# bonify
###### tags: `interview`
"Our users often present a small number of data points, from which we should extract some meaning. Often the most valuable patterns we are concerned with are repeated payments or credits. Below are 12 months of fictional transactional data. We want to better understand what are repeated payments and any patterns in those transactions.
Your task is to write python code to extract any patterns that you think are important with particular relevance to prediction. We are looking for creativity in understanding user data and elegance of your solution.
Keep in mind that at bonify we want to be useful to our users, so think about what features might be useful for the user to understand their data better.
Please answer all questions; either answer A (a) or A (b) should be answered with Python code. Don’t spend more than 4 hours on this task please.
## A. Write code to read in the JSON file, extract the transaction data and perform an analysis on those transactions:
### a. Write a generic algorithm to recognise income and spending patterns of the user. Hint: Use tools and techniques you think are appropriate in best understanding user behaviour. How would you discover repeated payments?
### code
https://drive.google.com/open?id=1e7ei-_NbTdHB11PAk2ax8gJlIQiFibTr
### tools for visualization
https://microsoft.github.io/SandDance/app/
### outcome pattern
1. account and booking type
from the x-account and color-booking type,
besides the unknown account,
all the account and the booking type have really high correlation,
we can almost can identify the booking type with the account.
or other way around.
and since all `unknown account` maps to `booking type ATM`, we can almost sure, as long as there's an unknown account payment,
should map to the ATM withdraw.

2. we can see the monthly pattern, knowing the user is not an impulsive person, with steady income and outcome.

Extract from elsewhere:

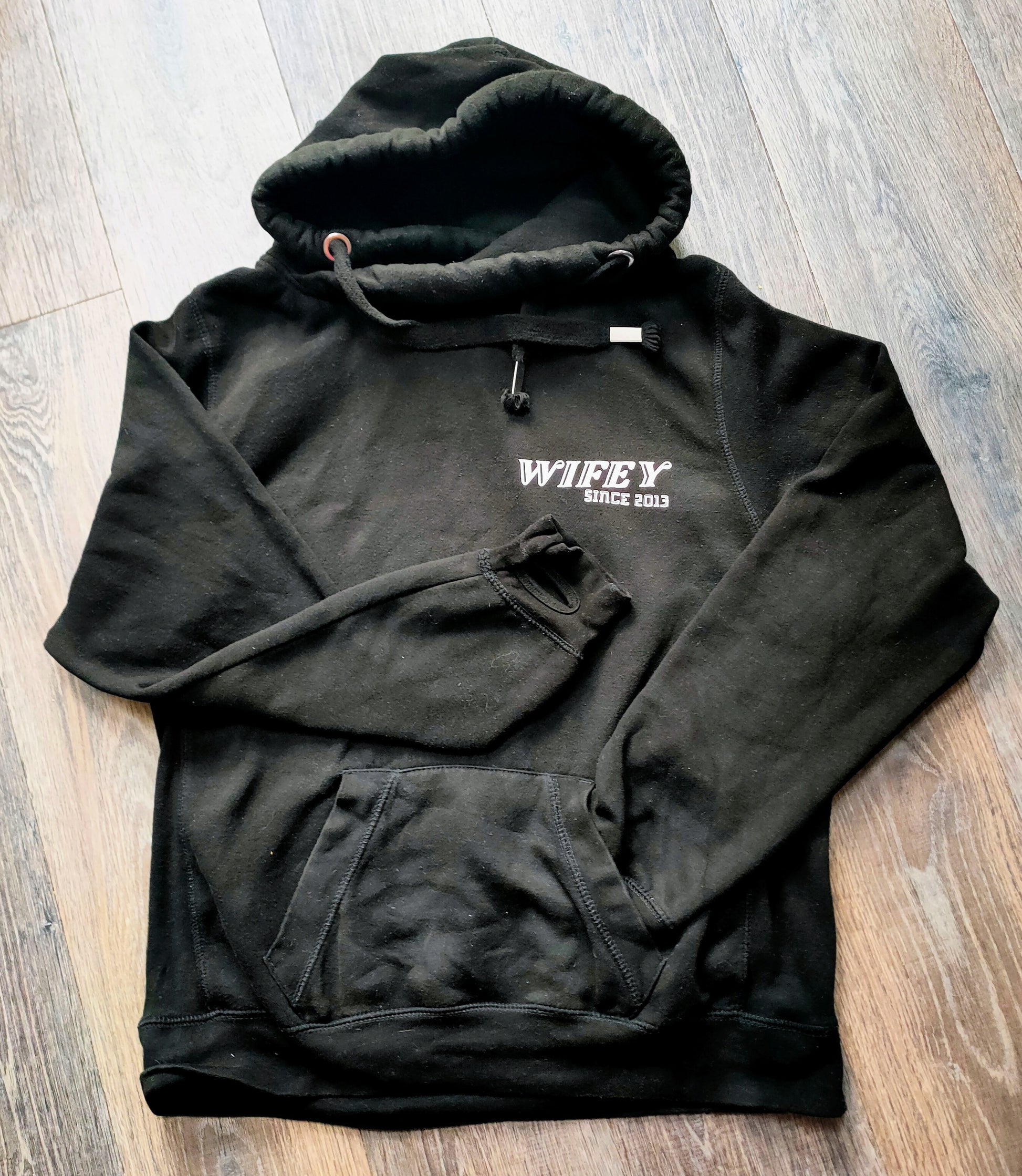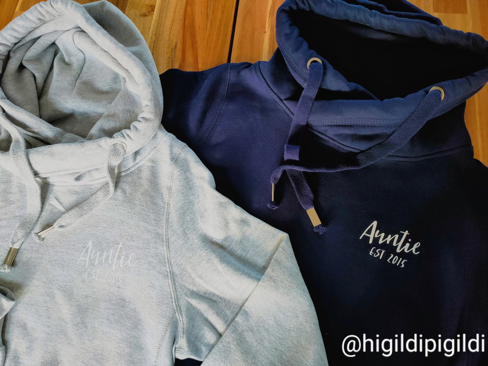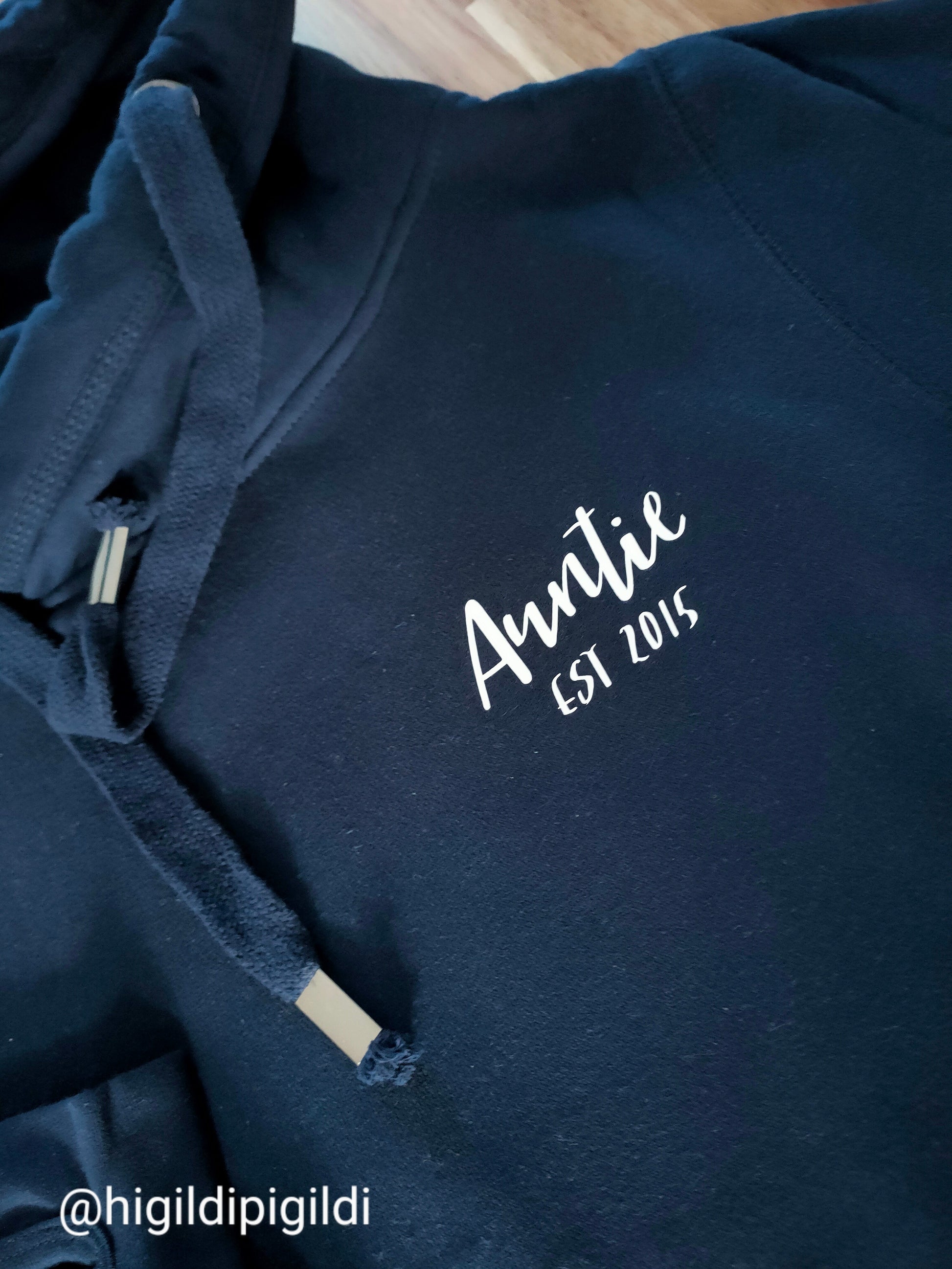 Ideal as a gift, our "(family member) est (year)" logo adds a personal touch to celebrate your family and the memories made with them. Crafted from soft and cosy cotton faced fabric with brushed back fleece, this sweatshirt has a drop shoulder design, a three panel double fabric hood with flat lace drawcord, crossover neck detail, a front pouch pocket, ribbed cuffs and hem, and thumbholes on the cuffs. Available in sizes XS - XXL, made from 70% ring spun cotton/30% polyester, and weighing 330 gsm.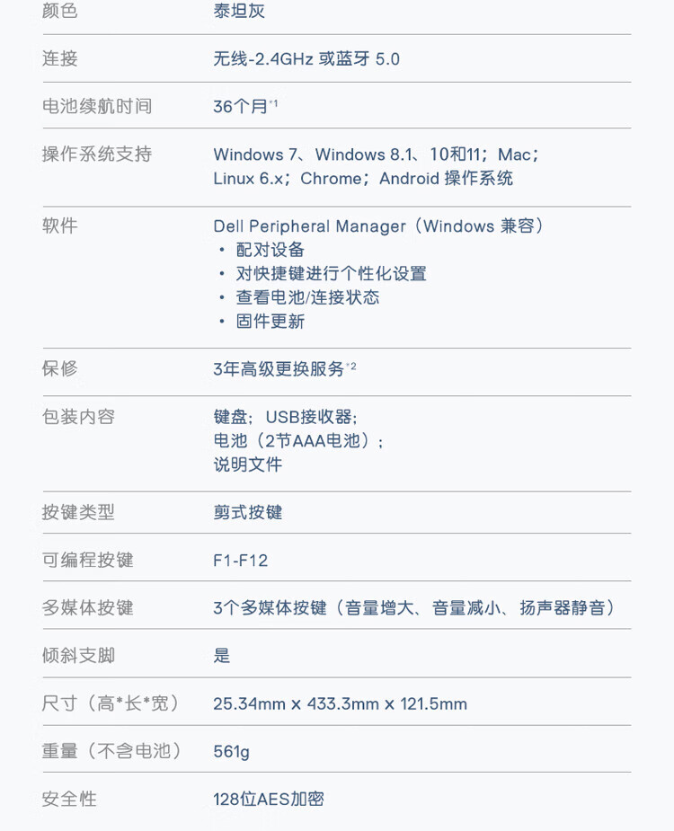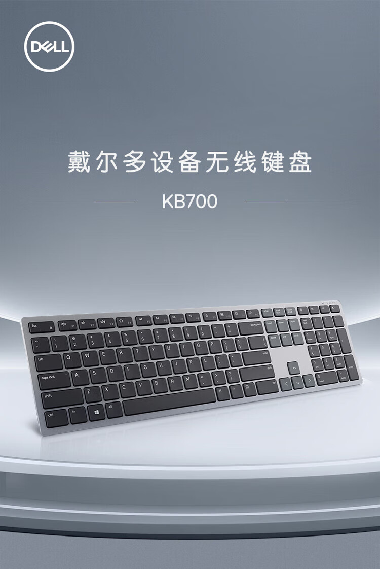 戴尔(DELL)KB700 无线键盘 办公家用键盘 精巧键盘 低噪高效 USB外接 泰坦灰

3. If we check the records, most transaction happen in the end of month. If there's a transaction happen in 1st-20th of the month, we almost could tell it belongs to ATM withdraw. Also means, if there's any payment comes between 1st-20th, that could be a fraud alarm.

4. how did I do feature engineering
check `1.feature engineering.ipynb`
6. how to discover repeat transaction
check `2.repeat payment.ipynb`
### b. How would you predict the next six months of transactions. Create a prediction method or function that can predict transactions based on any rules you discovered earlier. Be prepared to explain your reason.
check `3.model.ipynb`
#### remove outlier
1. repeat payment
2. high income
#### models
model A: input(date, type ), predict ammount
model B: input(date, amount), predict type
#### use case
When we received a transaction, we send to the model A and B, to see if it fits the historical trend, (ie.behavior pattern) of this user. Check with the repeat transaction service, to see if it's repeat payment.
note: the model hasn't been done with in 4 hours, but I can send over the model later when finished.
## B. If more users were provided, explain how you would use more user data from other users to give more insight into individual data patterns.
gather all other users booking type, to know the this user is belongs to
- family or single
- with or without pet
- with or without car
- rent a house or pay the loan
- use cash or not
from comparing the transaction date, to know this user is belongs to
- impulsive or rational transaction
- spend money on weekday or weekend
## C. What pitfalls do you see in your analysis? Or the techniques used?"
When a new user comes, there's no historical data, the model lacks of history data. For a better prediction, will need to build a model to predict which user pattern for this new user.